This then obviously fails the alignparse
filters since there are 32 nucleotides clipped off the 5' end (I'm guessing it would pass if you upped query_clip5
to 32).
But I'm not sure if we want to do this? I'm not sure why first 32 nucleotides are repeated? Maybe this is some aspect of the PCR that actually makes sense that we just forgot to think of when designing target sequences for alignment? Or maybe it indicates some sort of off-target PCR product that makes it safer just to discard the entire read.
I guess the better behavior depends on:
If it's not common, then probably better to just discard these reads. If it is common, then it's probably good to understand the origin?
Yes, I did not notice this, it is indeed soft clipped, but doesn't alignparse
only sees what happens after clipping, which is a read that is missing one nucleotide at it's 5' end? And if so, adding a query_clip_5
anything larger than 1 should still include this read.
No, soft clipping is still clipping of the query, so it's not ignored. The idea being that if there is some mysterious sequence at termini that has be soft clipped, it should make us suspicious about read. Do we really want to be counting a read that has some unexplained 32 nucleotide extension?
A note about weird 5' sequences: The TSO can be found at the 5' end of some reads, and this is expected at a low rate in 10X libraries. This doesn't seem to be the case here, as this looks like authentic PB2 sequence that is repeated. Just thought I would make a note of this.

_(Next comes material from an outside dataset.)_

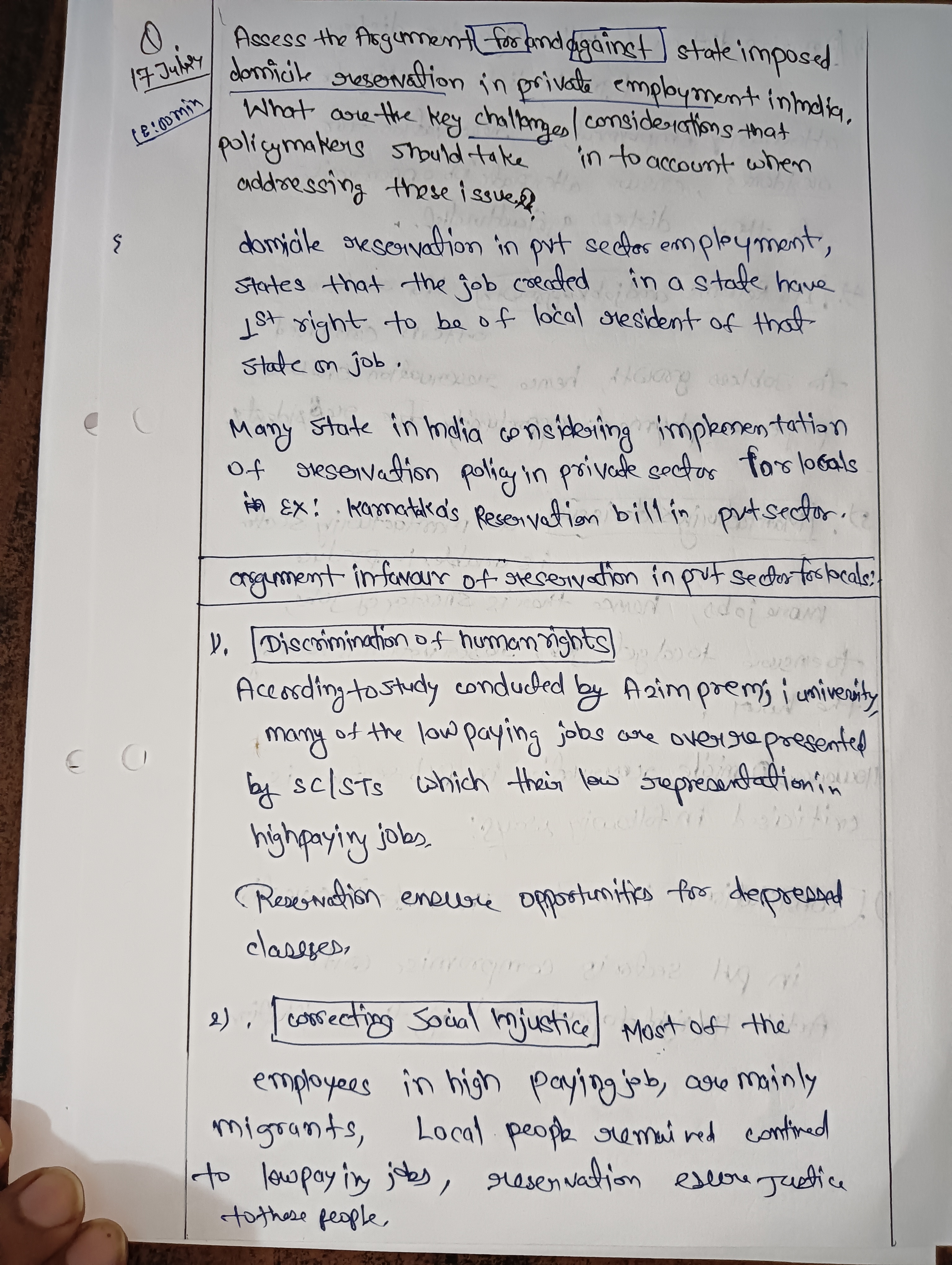 - Assess the arguments supporting state-imposed domicile reservations in private employment in India.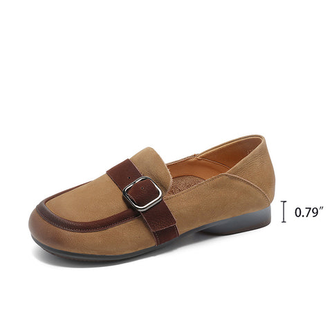 レディース ソフトレザー ローファー メタルバックル付き カーキ/ブラウン

I'm almost certain this must be some sort of PCR artifact as it is the exact 32nt primer binding site that gets duplicated and the same thing happens with the 3' query site as well. My guess is that primers end up somehow acting as a template at the end of the PCR product and that leads to duplicated sequences, but staring at the templates I have not yet managed to figure out exactly what process is leading to these artifacts this. And I think a lesson for me is that next time it would better to linearize with primers that are adjacent rather than overlapping.
As far as the frequency for PB2termini templates this happens in ~4,000 amplicons out of 27,000 (including clipping at both 5 and 3 ends) and in PB2mid in around 1,000 out of 10,000 reads. I think we should still include these reads as good amplicons by allowing more clipping as it is a PCR artifact that should not by itself affect the amplicon sequence.
@Bernadetadad, is it possible it somehow arises when the circularization actually concatenates together multiple different molecules?
In any case, I haven't looked at actual data in detail, but I think we should be cautious about relaxing criteria to include them. It might be OK. But on the other hand, increasing coverage by 10% is not that significant of an improvement (we can always just sequence more), whereas introducing spurious mutations / molecules is a very significant problem. So I'd suggest one of two things:
I don't see exactly how circularization could lead to this, the circularization itself is a HIFi assembly via Read1 region, that is not next to the primer binding sites. If concatamers are made via PCR off the circularization product (though I don't think there where that many made based on tapestation gel) I don't see how they would have duplicated just the primer sites.
One more parameter that I'd like to double check is the reads that are discarded due to final_mRNA_nts mutation_op_count
, as illustrated in the attached images (one shows zoomed out one zoomed in amplicons), these reads get discarded , but they are actually totally good reads and the on'y issue is that the dT primer has 5'-AVN-3' at it's end and so it can introduce either additional As/ Cs/Gs at the end where I've annotated the end of the mRNA molecule and the aligner ends up counting too many cs mutation tags in there. I could either increase mutation_op_count
, currently it is 2, or I'm not totally sure what exact benefit does annotating `final_mRNA_nts' give in this case.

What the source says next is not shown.